Évidemment, en quinze jours on ne peut tout voir. Le secret, pour voir quelque chose, est précisément d’éviter certaine goinfrerie de curiosité à laquelle se laissent aller trop souvent les apprentis touristes. De braves gens, natifs du faubourg Saint-Marceau et qui n’ont jamais visité ni le Luxembourg ni Notre-Dame, se donnent, une fois la frontière passée, des indigestions de musées et de monuments. Ils ne sont jamais montés dans la Colonne, mais ils se croiraient volés de leur argent si là-bas ils oubliaient une fois de grimper au faîte d’un campanile. Ne les imitez point ; promenez-vous à Gênes, à Naples comme vous vous promenez dans Paris, sans presse, en vous imaginant que vous devez y revenir le lendemain. Peu de choses vous échapperont ; le hasard, dieu propice aux flâneries, s’arrangera toujours de façon à ce que vous ne regrettiez pas les quelques cents francs du voyage.

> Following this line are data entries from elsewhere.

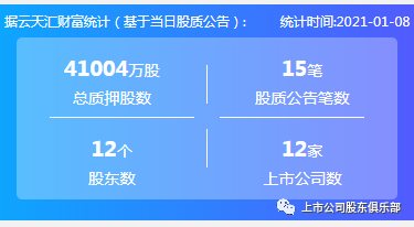2021年1月8日,股票质押总质押股数41004万股,上市公司数12家,股质公告笔数15笔,股东数12个。
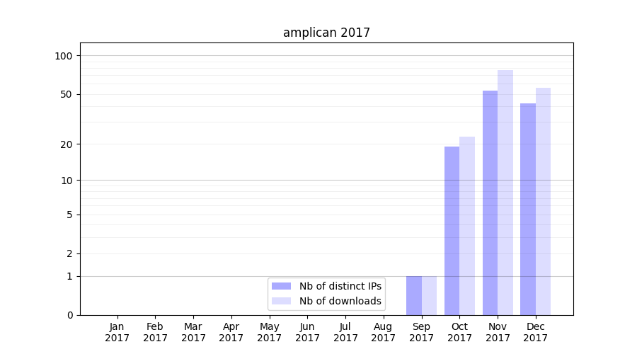 Number of downloads for software package amplican, year by year, from 2025 back to 2014 (years with no downloads are omitted):
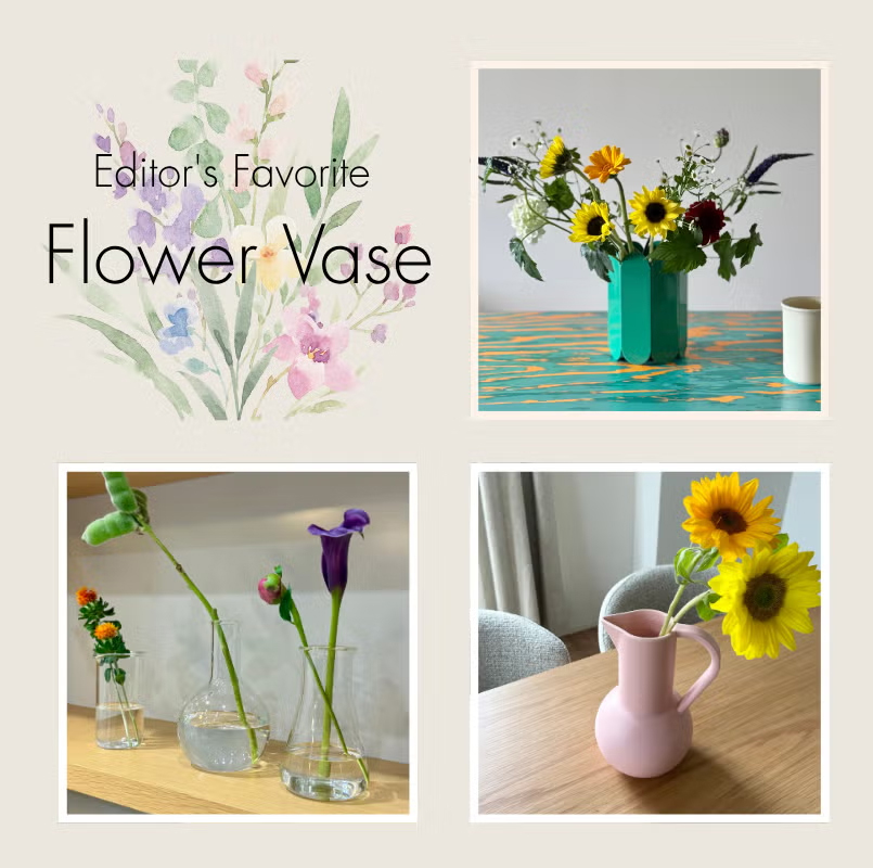インテリアに映えるフラワーベース活用のヒントが、きっと見つかるはず! 日々多くの最新プロダクトや情報に触れるエディターたちが選び抜いたフラワーベースとは? それぞれのエディターのおすすめコメントとともに、その魅力を最大限に引き出す花の生け方をご紹介。
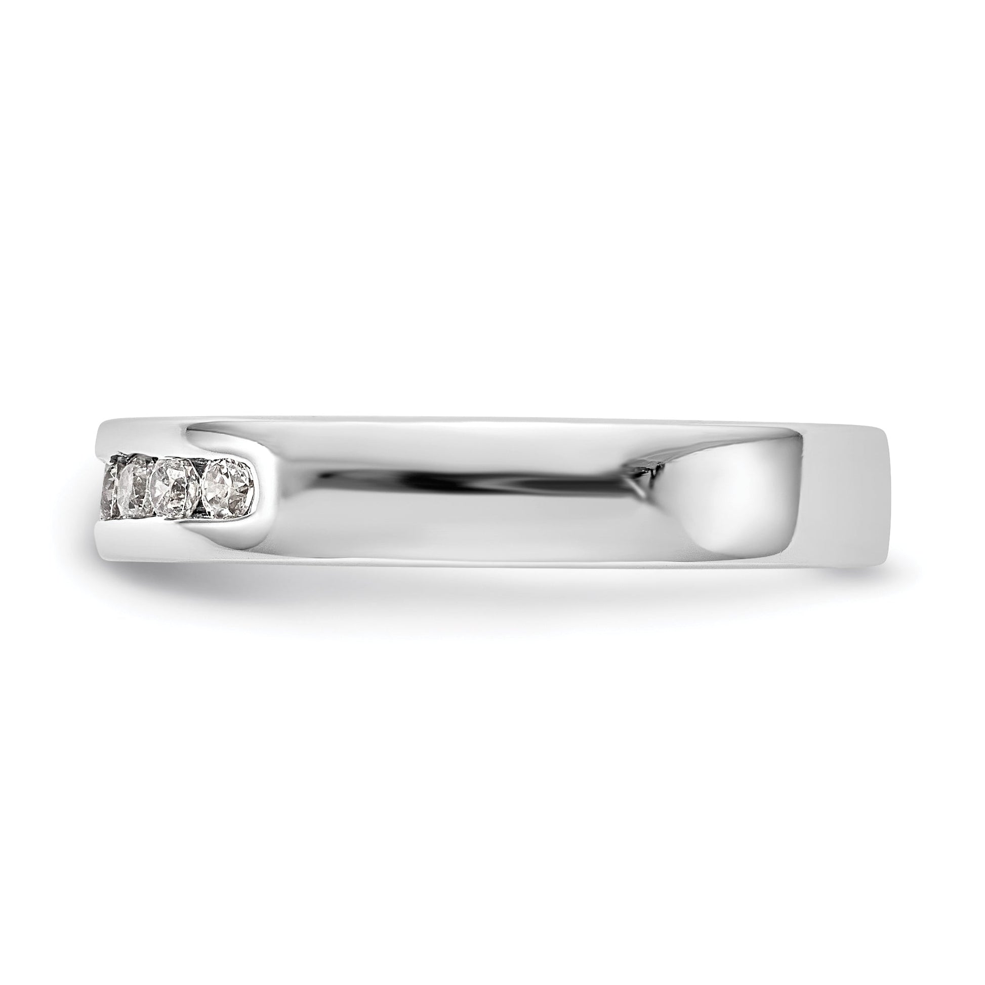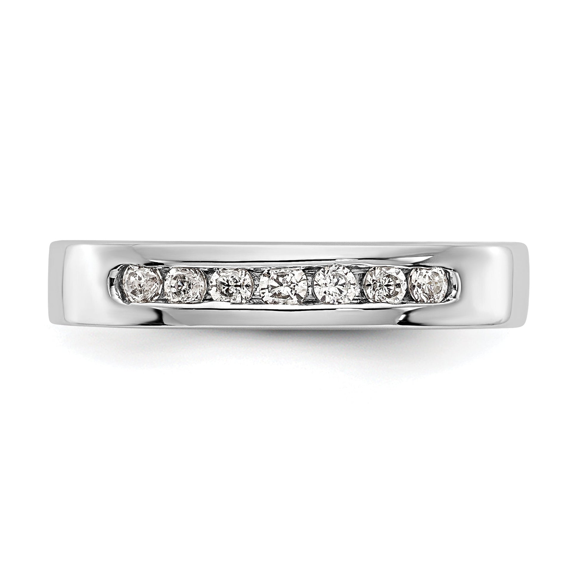 This is a ring made of 14k real gold that has a 0.20 carat cubic zirconia stone and 6 smaller stones set in a channel. The ring is polished and has a solid finish. It comes in white gold but can be made in yellow or rose gold upon request. You can also upgrade to natural diamonds by contacting the seller for pricing. This ring makes a great gift for special occasions like birthdays, weddings, or Valentine's Day. It also has a 30-day money-back guarantee and comes with a gift box.
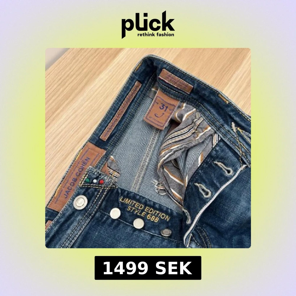 Snygga blå jeans från Jacob Cohen, Limited Edition Style 688. Klassisk femficksmodell med gul J-broderi på fickan och kontrastsömmar. Jeansen har rak passform och är tillverkade i mjukt denim med silverfärgade knappar och detaljer. Skriv om du har några frågor.billigare vid snabb och smidig affär

Et maintenant, un souvenir personnel :
C’était à Florence ; un train de plaisir arrivait. Il y avait foule à la gare : des députations, des musiques avec des bannières. Parmi les bannières une portait, en or, le nom de Garibaldi. Les voyageurs la saluèrent. On répondit par un formidable « Evviva la Francia ! » Tout à coup et quand le silence se fut fait, timidement mais fermement comme quelqu’un qui a son idée, se détacha du groupe un petit joueur de triangle, brun, ébouriffé, la bouche grande, des dents blanches jusqu’aux oreilles. Il baragouinait un peu de français ; il cria : « Evviva la Repoublica !… Evviva Victor Ougo ! »
Nous embrassâmes le petit joueur de triangle. On trouve comme cela d’agréables surprises à voyager par train de plaisir.